## Work item
Could you return every line of the records below that contains the word "special"?

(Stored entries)
........
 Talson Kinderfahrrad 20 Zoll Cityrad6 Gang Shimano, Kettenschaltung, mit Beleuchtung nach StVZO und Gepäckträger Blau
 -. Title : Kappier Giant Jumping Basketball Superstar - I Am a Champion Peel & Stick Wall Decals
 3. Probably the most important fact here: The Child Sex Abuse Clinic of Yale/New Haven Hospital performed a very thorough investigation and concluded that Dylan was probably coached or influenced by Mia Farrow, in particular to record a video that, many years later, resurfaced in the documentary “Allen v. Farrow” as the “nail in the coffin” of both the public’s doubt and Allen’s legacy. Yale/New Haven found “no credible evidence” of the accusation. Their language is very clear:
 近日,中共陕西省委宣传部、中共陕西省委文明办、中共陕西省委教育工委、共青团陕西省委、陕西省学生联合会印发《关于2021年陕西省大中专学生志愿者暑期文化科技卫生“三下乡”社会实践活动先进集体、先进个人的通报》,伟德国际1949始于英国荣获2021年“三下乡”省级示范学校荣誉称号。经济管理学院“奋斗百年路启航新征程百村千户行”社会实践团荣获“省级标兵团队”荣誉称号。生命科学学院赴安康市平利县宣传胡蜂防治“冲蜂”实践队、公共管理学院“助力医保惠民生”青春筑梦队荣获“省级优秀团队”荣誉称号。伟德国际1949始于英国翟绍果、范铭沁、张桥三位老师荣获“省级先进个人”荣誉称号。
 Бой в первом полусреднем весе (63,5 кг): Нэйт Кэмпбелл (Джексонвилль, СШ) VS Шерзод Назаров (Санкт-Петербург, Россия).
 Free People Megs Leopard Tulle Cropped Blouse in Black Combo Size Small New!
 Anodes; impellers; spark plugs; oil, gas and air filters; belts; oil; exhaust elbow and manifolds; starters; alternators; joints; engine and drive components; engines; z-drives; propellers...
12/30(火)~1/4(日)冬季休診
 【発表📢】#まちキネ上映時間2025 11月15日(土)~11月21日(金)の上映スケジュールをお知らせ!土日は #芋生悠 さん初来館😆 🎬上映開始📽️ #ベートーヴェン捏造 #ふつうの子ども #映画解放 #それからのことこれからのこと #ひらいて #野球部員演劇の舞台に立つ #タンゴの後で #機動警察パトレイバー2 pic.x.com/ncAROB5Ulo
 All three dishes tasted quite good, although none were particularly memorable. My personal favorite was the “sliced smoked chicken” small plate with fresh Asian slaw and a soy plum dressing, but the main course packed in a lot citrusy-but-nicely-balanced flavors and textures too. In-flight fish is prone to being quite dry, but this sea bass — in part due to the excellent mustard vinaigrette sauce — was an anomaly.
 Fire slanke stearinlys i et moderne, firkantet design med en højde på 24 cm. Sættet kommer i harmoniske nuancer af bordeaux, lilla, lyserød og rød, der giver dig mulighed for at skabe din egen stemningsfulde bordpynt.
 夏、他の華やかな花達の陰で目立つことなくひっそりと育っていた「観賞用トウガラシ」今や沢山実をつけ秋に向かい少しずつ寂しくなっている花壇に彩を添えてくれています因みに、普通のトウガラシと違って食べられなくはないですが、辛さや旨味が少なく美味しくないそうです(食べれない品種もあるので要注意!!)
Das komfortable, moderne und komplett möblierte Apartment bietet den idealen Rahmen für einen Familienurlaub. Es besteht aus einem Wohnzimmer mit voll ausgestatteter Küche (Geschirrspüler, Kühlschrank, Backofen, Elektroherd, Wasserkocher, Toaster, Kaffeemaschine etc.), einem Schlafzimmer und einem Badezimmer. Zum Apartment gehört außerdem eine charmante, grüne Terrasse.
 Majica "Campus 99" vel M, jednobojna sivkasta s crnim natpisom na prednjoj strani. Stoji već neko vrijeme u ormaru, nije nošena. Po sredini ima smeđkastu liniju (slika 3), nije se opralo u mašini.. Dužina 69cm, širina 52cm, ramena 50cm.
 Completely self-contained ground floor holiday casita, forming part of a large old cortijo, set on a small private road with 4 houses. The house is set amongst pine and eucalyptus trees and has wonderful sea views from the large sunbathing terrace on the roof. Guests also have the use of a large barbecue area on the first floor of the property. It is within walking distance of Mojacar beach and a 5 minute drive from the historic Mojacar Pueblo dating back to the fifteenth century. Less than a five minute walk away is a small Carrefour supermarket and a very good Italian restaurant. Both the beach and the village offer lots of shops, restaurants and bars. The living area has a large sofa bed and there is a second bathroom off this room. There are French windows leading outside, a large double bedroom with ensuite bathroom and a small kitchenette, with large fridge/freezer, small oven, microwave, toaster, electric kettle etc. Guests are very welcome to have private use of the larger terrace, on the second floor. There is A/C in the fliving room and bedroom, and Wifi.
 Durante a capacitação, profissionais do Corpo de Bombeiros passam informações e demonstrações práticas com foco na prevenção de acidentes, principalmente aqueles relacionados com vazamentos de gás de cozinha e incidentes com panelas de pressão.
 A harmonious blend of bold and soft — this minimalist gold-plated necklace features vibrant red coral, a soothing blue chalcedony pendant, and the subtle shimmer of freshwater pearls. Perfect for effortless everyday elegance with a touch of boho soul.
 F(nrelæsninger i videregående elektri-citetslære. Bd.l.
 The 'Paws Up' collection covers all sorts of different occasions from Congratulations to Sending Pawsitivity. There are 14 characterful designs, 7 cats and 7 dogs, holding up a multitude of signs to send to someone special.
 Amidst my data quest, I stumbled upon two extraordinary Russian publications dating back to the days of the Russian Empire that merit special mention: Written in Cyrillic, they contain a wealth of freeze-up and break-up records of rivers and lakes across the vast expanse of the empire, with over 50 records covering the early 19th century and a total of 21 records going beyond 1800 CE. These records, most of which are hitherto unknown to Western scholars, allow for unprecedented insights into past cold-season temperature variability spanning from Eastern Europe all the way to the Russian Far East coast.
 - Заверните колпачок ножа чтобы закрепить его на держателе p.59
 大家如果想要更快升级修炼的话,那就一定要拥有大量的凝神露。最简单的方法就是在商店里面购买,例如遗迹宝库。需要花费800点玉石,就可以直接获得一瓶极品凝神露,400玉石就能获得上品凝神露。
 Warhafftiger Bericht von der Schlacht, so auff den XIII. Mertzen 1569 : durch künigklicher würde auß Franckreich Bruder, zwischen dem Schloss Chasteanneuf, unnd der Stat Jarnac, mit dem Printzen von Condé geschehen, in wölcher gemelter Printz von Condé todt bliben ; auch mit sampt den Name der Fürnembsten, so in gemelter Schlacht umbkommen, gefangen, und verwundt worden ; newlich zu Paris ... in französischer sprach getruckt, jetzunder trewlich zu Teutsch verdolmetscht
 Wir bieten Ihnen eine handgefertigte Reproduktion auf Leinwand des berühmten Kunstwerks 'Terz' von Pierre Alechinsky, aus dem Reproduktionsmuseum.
........
## Output of the exercise
 The 'Paws Up' collection covers all sorts of different occasions from Congratulations to Sending Pawsitivity. There are 14 characterful designs, 7 cats and 7 dogs, holding up a multitude of signs to send to someone special.
 Amidst my data quest, I stumbled upon two extraordinary Russian publications dating back to the days of the Russian Empire that merit special mention: Written in Cyrillic, they contain a wealth of freeze-up and break-up records of rivers and lakes across the vast expanse of the empire, with over 50 records covering the early 19th century and a total of 21 records going beyond 1800 CE. These records, most of which are hitherto unknown to Western scholars, allow for unprecedented insights into past cold-season temperature variability spanning from Eastern Europe all the way to the Russian Far East coast.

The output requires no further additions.